Article published: Friday, November 5th 2010
Oldham East MP and shadow immigration minister Phil Woolas was ejected from parliament today after a court ruled that he had broken election laws by falsely claiming Muslim extremists were supporting the campaign of his Liberal Democrat rival.
The decision by the high court judges is the first time in 99 years a parliamentary poll has been overturned in an electoral court.
Woolas won the election by only 103 votes after distributing campaign literature that Lib Dem opponent Elywn Watkins described as containing “numerous misleading and erroneous claims regarding my personal character and reputation, and that of my campaign”.
One leaflet claimed that “Extremists are trying to hijack this election” alleging that “they want you to vote Lib Dem to punish Phil for being strong on immigration. The Lib Dems plan to give hundreds of thousands of illegal immigrants the right to stay.”
Another leaflet, named Labour Rose, claimed that “Extremists rant as Phil Woolas defies death threats”, whilst an eight page newsletter accused watkins of “wooing” the extremist vote and the Muslim Public Affairs Committee (MPAC) of spreading “hate leaflets” for encouraging Muslim constituents to vote tactically for Watkins in order to unseat Woolas.
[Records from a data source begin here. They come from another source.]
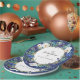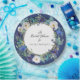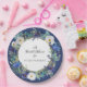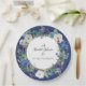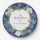 Teller aus Brautparty und Party (kann für Ihren besondere Anlass gewechselt werden). Die hellen und farbenfrohen blauen Blume mit Blattwerk und einem zarten vergoldeten Glitzer sind elegant und raffiniert. Copyright Audrey Jeanne Roberts.
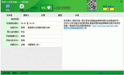 5、然后点击上面的当前模式:家长,就会切换为学生模式。如果当前时间段是不可用,电脑就被锁屏。
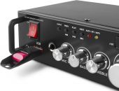 |  | With the AV340 2x 50W nicely designed mini amplifier you will take your house party to a next level and it will turn your party into a karaoke festival. Featuring a MP3 player with LED indication, USB port, Bass/Treble control and a microphone input. Also perfect for applications as HiFi and background music. - Amplifier with 2x 50W digital amplifier
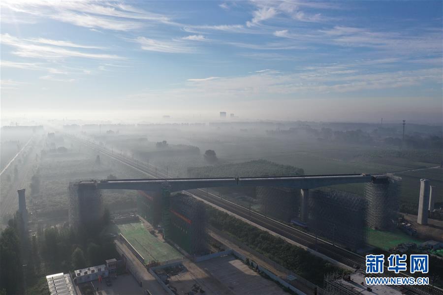 這是8月27日晨無(wú)人機(jī)拍攝的轉(zhuǎn)體完成的橋梁。新華社記者邢廣利攝
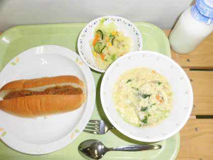 「ドライカレーサンド、チーズのふわふわスープ、ポテト入りフレンチサラダ、牛乳」です。

Depicted on the page were images of Al-Muhajirun, an entirely separate organisation from the MPAC.
An internal email amongst the Labour campaign revealed to the court said: “If we don’t get the white folk angry he’s [Woolas] gone.” The team referred to this high-stakes strategy as “shit or bust”.
These tactics are similar to ones identified as contributing to violence in the Ritchie Report into the May 2001 Oldham race riots: “The BNP has exacerbated problems and undoubtedly by distribution of crude leaflets and other activity done much to stir up tensions. The mainstream political parties have a big role to play in countering this threat, as do churches and other organisations.”
It was also revealed today that Woolas authorised the use of force for private security companies Serco and G4S, even in the cases of children and people with mental health problems. G4S was the company that were restraining Jimmy Mubenga before he died.
There will now be a by-election in his Oldham East and Saddleworth constituency, in which Woolas will not be eligible to stand. He may be able to re-enter parliament in three years, however, and is understood to be launching an appeal against the decision.